10. The hand-held test meter of claim 9 wherein the constant current driver instructions are loopback control-based instructions, and wherein the test strip sample detection instruction include an averaging algorithm.

11. A method for operating a hand-held test meter for the determination of an analyte in a bodily fluid sample using an analytical test strip, the method comprises: retrieving, using a memory block and a microprocessor block of the hand-held test meter, integrated test strip detection and constant current driver instructions stored in the memory block;algorithmically driving a constant current through an analytical test strip inserted into a strip port connector (SPC) of the hand-held test strip by setting an applied voltage on the strip port connector (SPC) of the hand-held test meter by executing the integrated test strip detection and constant current driver instructions; anddetecting, in an algorithmic manner, sample application to a test strip inserted in the SPC based on the applied voltage.

12. The method of claim 11 wherein the detecting of sample application includes: calculating a sample detect voltage per algorithmic instructions of the integrated test strip detection and constant current driver instructions; andcomparing the calculated sample detect voltage to a predetermined threshold.

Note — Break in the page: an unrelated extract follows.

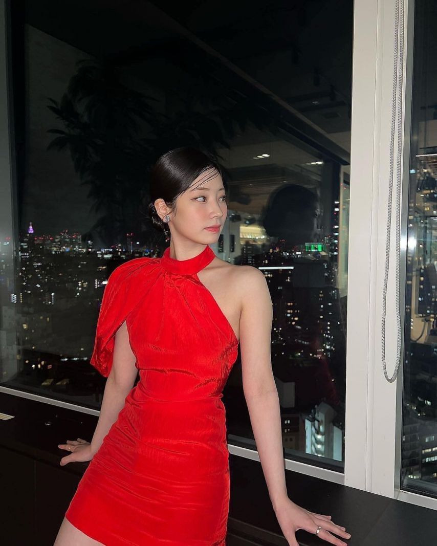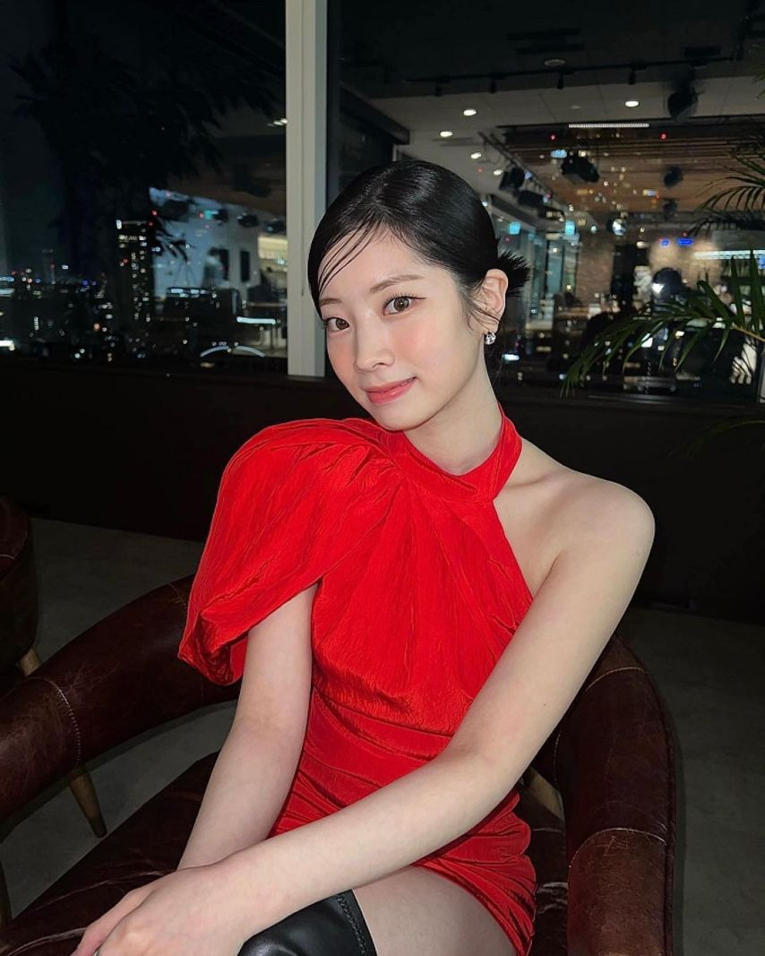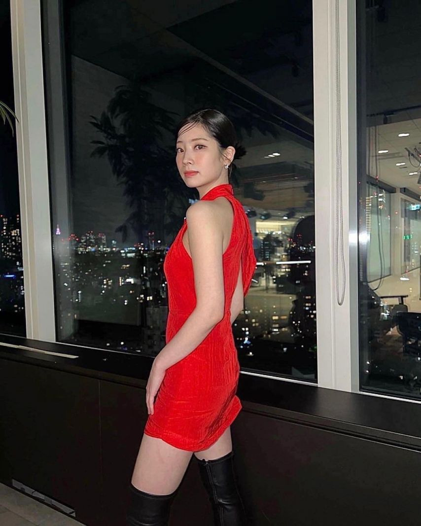한쪽 어깨를 드러낸 트와이스 다현 다리 꼰 다리 and 힙라인
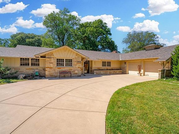 There's a quiet elegance to this Mid-Century Modern home. This is a gem, a rare find. All areas are updated keeping the character and integrity of a 1952-built home. A lovely foyer welcomes you into the main living area featuring hardwood flooring and large paned windows leading the eye to the nicely landscaped backyard. Next, move to the dining room with newer sliding doors leading to the patio and pergola. Then, on to the family room with a limestone fireplace and corner bookshelves. Kitchen, with lovely window overlooking the street, is the crowning glory with tile flooring and beautiful newer cabinetry with soft-close doors, pull-out shelving and under-cabinet lighting. Storage is ample as is counter space for prep. All appliances remain including refrigerator. The custom island will also convey. LED lighting has been added to many rooms. Three bedrooms, all with hardwood flooring, flank the south side of the home. Primary bedroom has backyard view and bath with shower. Bedroom 2 was apparently added on to at some point and includes space for a sitting room. The hallway full bath rounds out this part of the home. Off the kitchen is laundry room. Washer and dryer are negotiable. Oversized garage has newer concrete as does the driveway and patio areas. Backyard is completely fenced and has a generous storage shed. Metal art pieces adorning the gates, the large pot at garage and on the patio wall will stay with the home. Home is being sold in as-is condition. Closing will need to occur after an estate sale and that date has not yet been secured.

13. The method of claim 11 wherein the constant current driver instructions are loopback control-based instructions.

14. The method of claim 13 wherein the constant current driver instructions are PID loopback control-based instructions.

15. The method of claim 14 wherein the constant current driver instructions are PID loopback control-based instructions of the form: Vout=(Ierr*+Gp)+(Iint*Gi)+(Idiff*Gd)

16. The method of claim 12 wherein test strip sample detection triggers analyte determination.

17. The method of claim 12 wherein the test strip sample detection instruction include an averaging algorithm.

18. The method of claim 17 wherein the averaging algorithm is of the form: Uavg′=((N−1)Uavg+Ut)/N

19. The method of claim 9 wherein the analyte is glucose and the bodily fluid sample is a whole blood sample.

20. The method of claim 11 wherein the constant current driver instructions are loopback control-based instructions, and wherein the test strip sample detection instructions include an averaging algorithm.